[[ Data for this exercise, beginning ]]

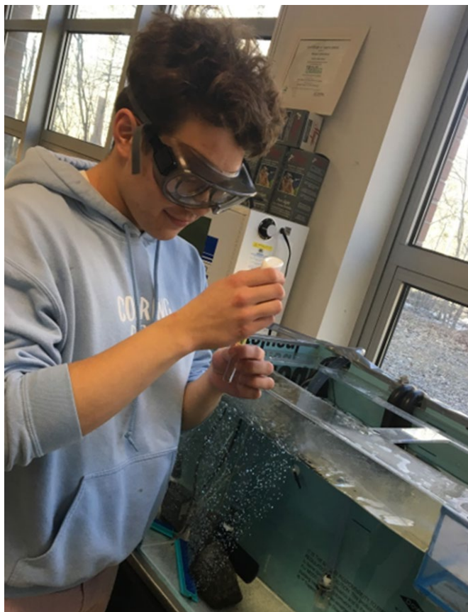
A Weston High School AP Environmental Science student experiments with a trout habitat as part of Trout in the Classroom participation.

In addition to its commitment to educating students about sustainability, Weston High also is committed to teaching them about the environment. This is evident in the high priority placed on the health and well-being of students, as well as in the creation, structure, and operations of Weston High. When the school added a new science wing in the past decade, officials built to LEED Silver certification standards.
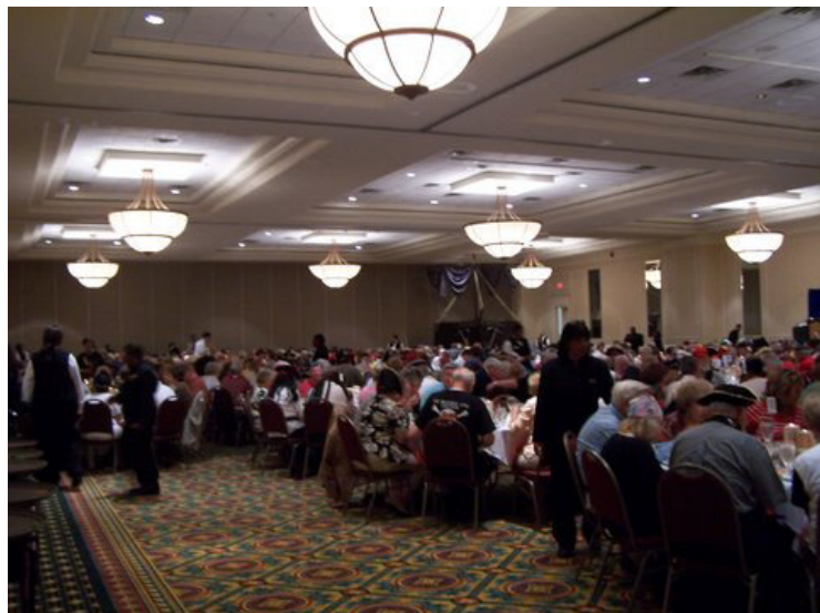
Dinner with a few good friends.
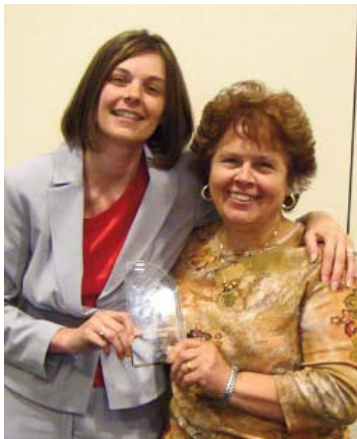
More WOA award winners
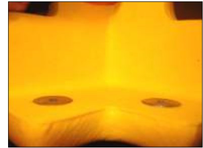
6. Washers are flush with the padding surface
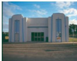
H01985 wimmera stock bazaar front dec01
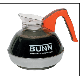
EASY POUR,(ORN) 12/ CS
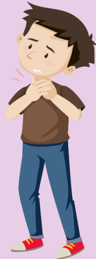
a sore throat
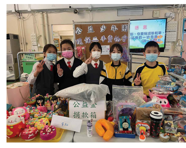
公益少年團九龍城區學生舉辦環保二手賣物會。 Members of the Community Youth Club (Kowloon City District) organise a used goods sale.

The Chest sincerely expresses its gratitude to the Education Bureau and the Community Youth Club Executive Committees from 18 districts for their support so that students could participate in different environmental protection activities for creating an environment conducive to sustainable development.
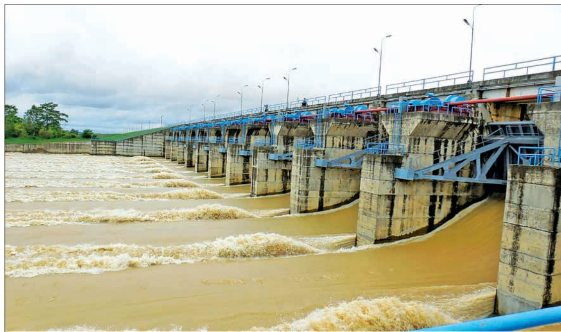
Water flows past spillways of Thaphanseik Dam on 12 October.

People living near Thaphanseik Dam have been told not to worry about flooding, as the Irrigation Department is monitoring the situation closely, according to source close to the Ministry of Agriculture and Irrigation.
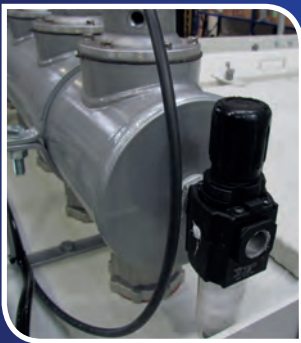
Norgren air filter and regulator
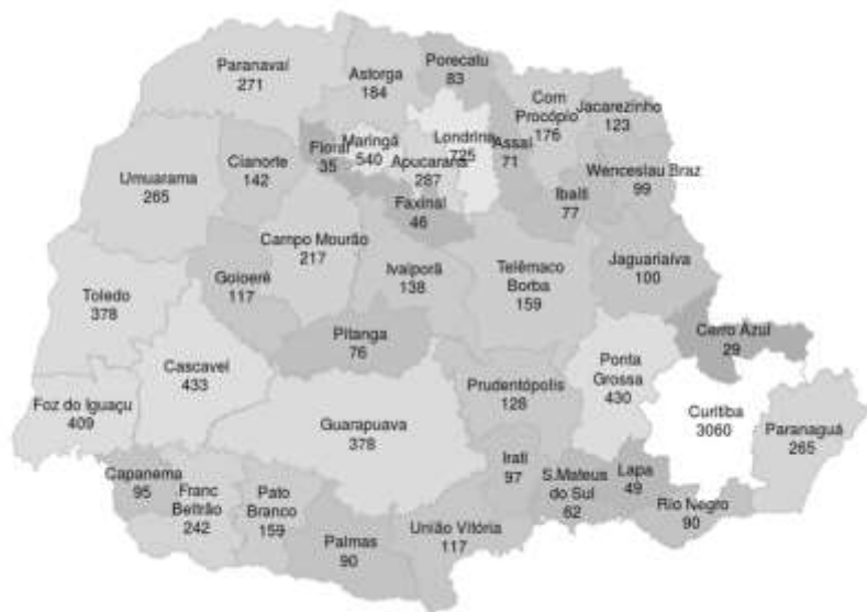
Figure 1. Map of Paraná's micro-regions and their respective resident populations expressed in thousands in 2010.

The map of Paraná's micro-regions, with their respective resident population (expressed in thousands) in 2010 are shown in Figure 1. In 2010, Paraná's population was estimated to be 10,444,526 inhabitants. As such, the annual road traffic accident death rate in the same year was 33.0 per 100,000 inhabitants.
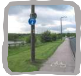
Cycle path down Asdale Road (Waymarker 1)
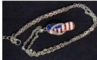
Item #13 Silver Flip Flop Necklace
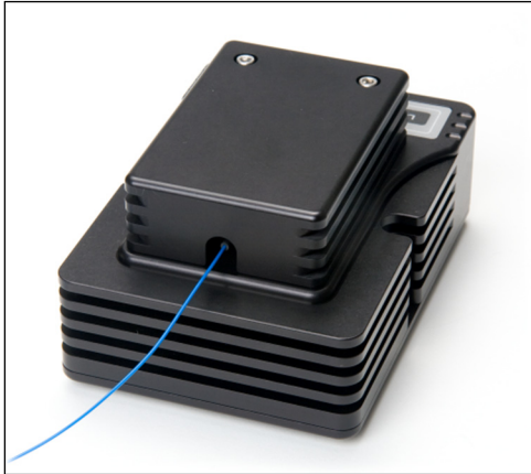
Mount with Cover Installed
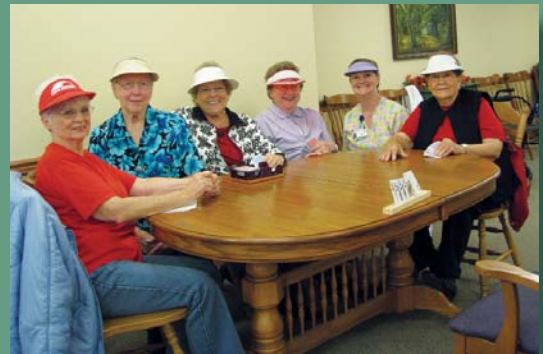
Residents and friends play cards weekly in the new Assisted Living Dining room.
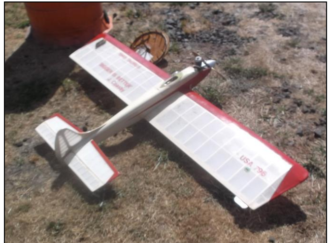
Floyd's plane waiting
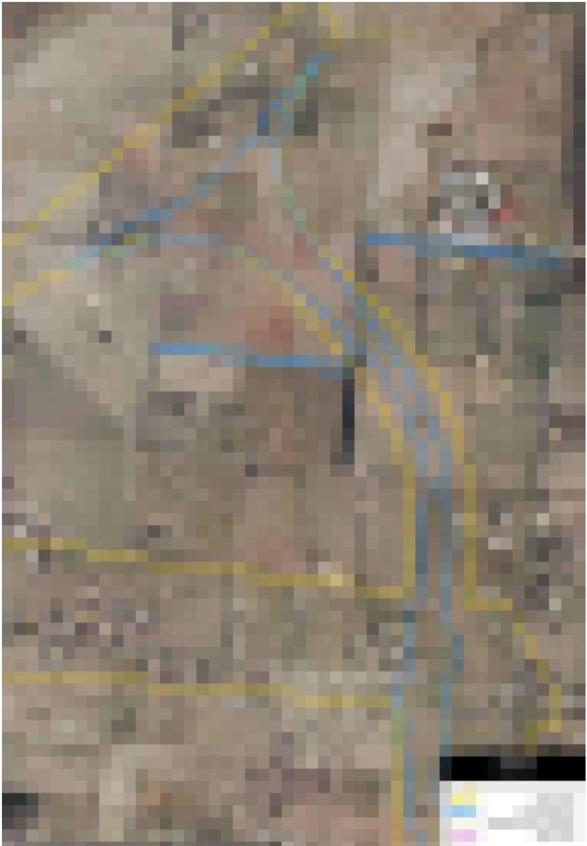
Map 9: MAL alignment, north section, with activity area and registered VAHR sites
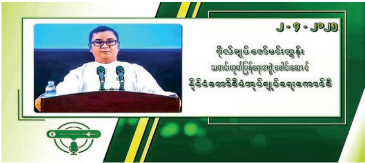
SAC Information Team Leader Maj-Gen Zaw Min Tun.

The case occurred near Ohmati village of Nawnghkio township, and the people can see that the clash between Tatmadaw and TNLA is occurring in that place on news pages. At 9 pm on 1 April, nine vehicles left from Nawnghkio Township, and Tat-
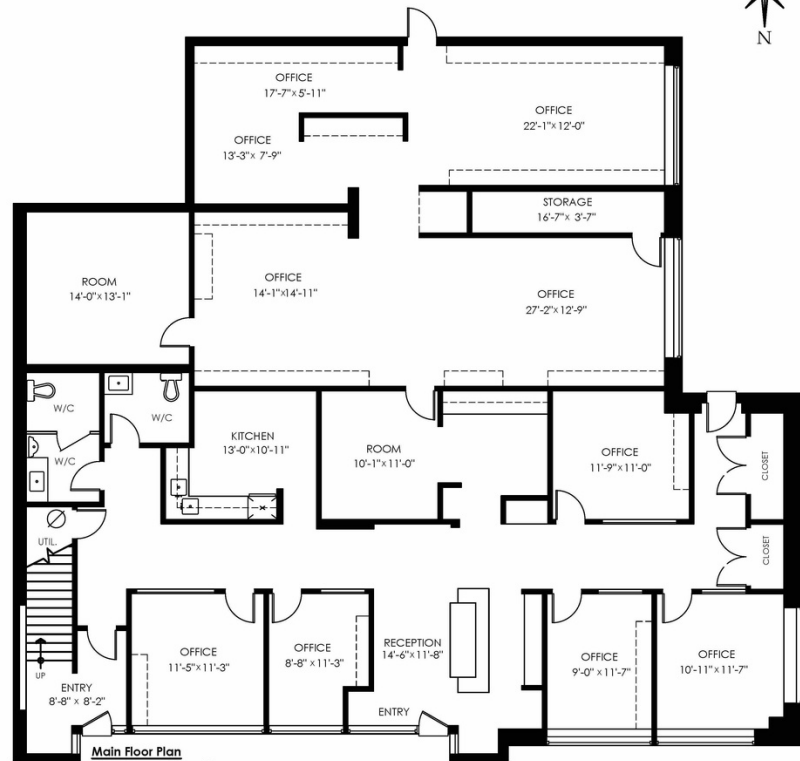
Main Floor Plan Floor Area: 3573 sq.ft. Ceiling Height: 8'-6"

ALL INFORMATION PROVIDED IS THE RESPONSIBILITY OF THE TENANT TO VERIFY IF DEEMED IMPORTANT.

[[ Data for this exercise, end ]]

_Activity:_ Set out the material once more, exact in every line, with no images.

_Exercise output:_
A Weston High School AP Environmental Science student experiments with a trout habitat as part of Trout in the Classroom participation.

In addition to its commitment to educating students about sustainability, Weston High also is committed to teaching them about the environment. This is evident in the high priority placed on the health and well-being of students, as well as in the creation, structure, and operations of Weston High. When the school added a new science wing in the past decade, officials built to LEED Silver certification standards.
Dinner with a few good friends.
More WOA award winners
6. Washers are flush with the padding surface
H01985 wimmera stock bazaar front dec01
EASY POUR,(ORN) 12/ CS
a sore throat
公益少年團九龍城區學生舉辦環保二手賣物會。 Members of the Community Youth Club (Kowloon City District) organise a used goods sale.

The Chest sincerely expresses its gratitude to the Education Bureau and the Community Youth Club Executive Committees from 18 districts for their support so that students could participate in different environmental protection activities for creating an environment conducive to sustainable development.
Water flows past spillways of Thaphanseik Dam on 12 October.

People living near Thaphanseik Dam have been told not to worry about flooding, as the Irrigation Department is monitoring the situation closely, according to source close to the Ministry of Agriculture and Irrigation.
Norgren air filter and regulator
Figure 1. Map of Paraná's micro-regions and their respective resident populations expressed in thousands in 2010.

The map of Paraná's micro-regions, with their respective resident population (expressed in thousands) in 2010 are shown in Figure 1. In 2010, Paraná's population was estimated to be 10,444,526 inhabitants. As such, the annual road traffic accident death rate in the same year was 33.0 per 100,000 inhabitants.
Cycle path down Asdale Road (Waymarker 1)
Item #13 Silver Flip Flop Necklace
Mount with Cover Installed
Residents and friends play cards weekly in the new Assisted Living Dining room.
Floyd's plane waiting
Map 9: MAL alignment, north section, with activity area and registered VAHR sites
SAC Information Team Leader Maj-Gen Zaw Min Tun.

The case occurred near Ohmati village of Nawnghkio township, and the people can see that the clash between Tatmadaw and TNLA is occurring in that place on news pages. At 9 pm on 1 April, nine vehicles left from Nawnghkio Township, and Tat-
Main Floor Plan Floor Area: 3573 sq.ft. Ceiling Height: 8'-6"

ALL INFORMATION PROVIDED IS THE RESPONSIBILITY OF THE TENANT TO VERIFY IF DEEMED IMPORTANT.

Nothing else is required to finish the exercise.